Question

How do you find the indefinite integral of `int 2*x*arctan(7*x) dx`?

Answer 1

`x^2arctan(7x)-1/7 x+1/49 arctan(7x)+C`

Explanation:

Use integration-by-parts to start doing this integral.
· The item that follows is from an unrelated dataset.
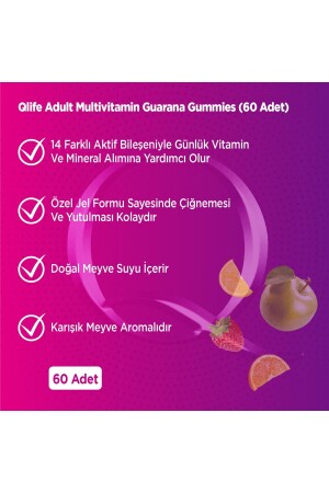 وصف المنتج: Qlife البالغين المليافيتامينات غوارانا غوميات 60 قرص مقوي

Let `u=arctan(7x)` so that `du=1/(1+(7x)^2) * 7=7/(1+49x^2)` and let `dv=2x\ dx` so that `v=x^2`. Then

`int 2x arctan(7x)\ dx=uv-int\ v\ du=x^2arctan(7x)-int (7x^2)/(1+49x^2)`

To do this second integral, first use long division of polynomials to write `(7x^2)/(1+49x^2)=1/7-(1/7)/(1+49x^2)` and

`int (7x^2)/(1+49x^2)\ dx=1/7 x-1/7 int 1/(1+49x^2)\ dx`

On this last integral, do a substitution: `w=7x`, `dw=7dx` to write `int 1/(1+49x^2)\ dx=1/7 int 1/(1+w^2)\ dw=1/7 arctan(w)+C`.

Now you can put everything together as follows:

`int 2x arctan(7x)\ dx=x^2arctan(7x)-1/7 x+1/49 arctan(7x)+C`.

You should take the time to check this answer by differentiation (using the product rule and chain rule).